WHAT IS NEEDED: Copy, please, the line with "Voor het gebouw" and each line that follows it through the end of the data below, exactly as given and without pictures.

DATASET SECTION:

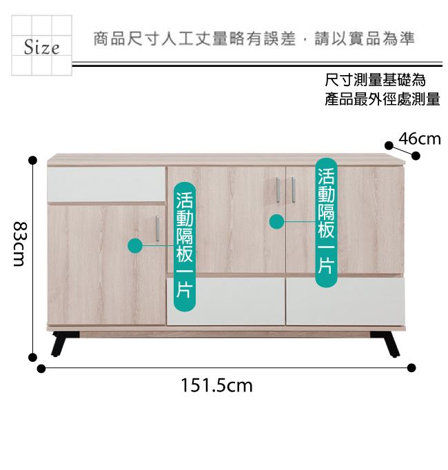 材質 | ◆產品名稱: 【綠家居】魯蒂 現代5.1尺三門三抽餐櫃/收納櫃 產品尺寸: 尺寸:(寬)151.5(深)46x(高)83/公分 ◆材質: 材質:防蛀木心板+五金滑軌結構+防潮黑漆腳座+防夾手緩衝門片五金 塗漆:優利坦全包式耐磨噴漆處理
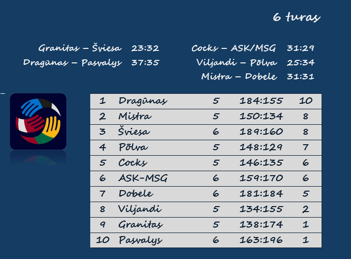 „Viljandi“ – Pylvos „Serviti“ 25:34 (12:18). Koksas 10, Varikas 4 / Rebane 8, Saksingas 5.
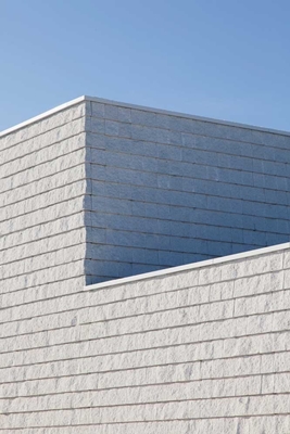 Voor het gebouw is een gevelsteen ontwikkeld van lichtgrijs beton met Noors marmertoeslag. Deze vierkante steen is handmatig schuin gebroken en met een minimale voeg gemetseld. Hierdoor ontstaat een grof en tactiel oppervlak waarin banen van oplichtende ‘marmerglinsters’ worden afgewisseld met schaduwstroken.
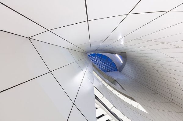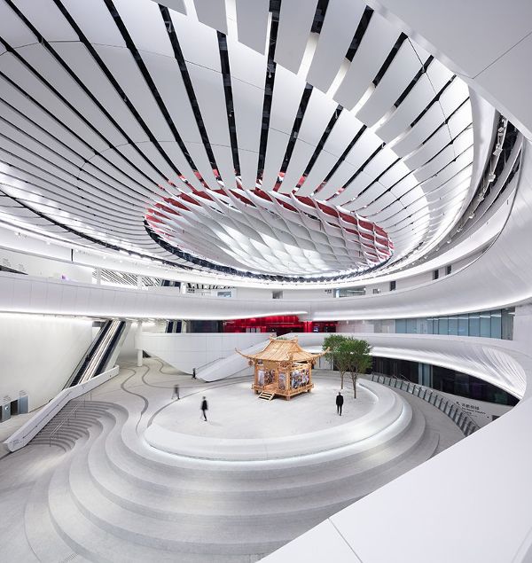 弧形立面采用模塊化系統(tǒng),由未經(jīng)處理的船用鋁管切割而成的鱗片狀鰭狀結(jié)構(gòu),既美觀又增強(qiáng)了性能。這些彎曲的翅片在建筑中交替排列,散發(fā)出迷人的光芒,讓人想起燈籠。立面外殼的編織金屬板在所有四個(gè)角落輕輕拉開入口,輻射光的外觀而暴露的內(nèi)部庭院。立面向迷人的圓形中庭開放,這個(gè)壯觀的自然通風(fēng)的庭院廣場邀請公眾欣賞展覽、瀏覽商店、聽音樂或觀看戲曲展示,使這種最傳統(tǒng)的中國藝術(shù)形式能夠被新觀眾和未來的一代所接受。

ANSWER TO THIS TASK:
 Voor het gebouw is een gevelsteen ontwikkeld van lichtgrijs beton met Noors marmertoeslag. Deze vierkante steen is handmatig schuin gebroken en met een minimale voeg gemetseld. Hierdoor ontstaat een grof en tactiel oppervlak waarin banen van oplichtende ‘marmerglinsters’ worden afgewisseld met schaduwstroken.
 弧形立面采用模塊化系統(tǒng),由未經(jīng)處理的船用鋁管切割而成的鱗片狀鰭狀結(jié)構(gòu),既美觀又增強(qiáng)了性能。這些彎曲的翅片在建筑中交替排列,散發(fā)出迷人的光芒,讓人想起燈籠。立面外殼的編織金屬板在所有四個(gè)角落輕輕拉開入口,輻射光的外觀而暴露的內(nèi)部庭院。立面向迷人的圓形中庭開放,這個(gè)壯觀的自然通風(fēng)的庭院廣場邀請公眾欣賞展覽、瀏覽商店、聽音樂或觀看戲曲展示,使這種最傳統(tǒng)的中國藝術(shù)形式能夠被新觀眾和未來的一代所接受。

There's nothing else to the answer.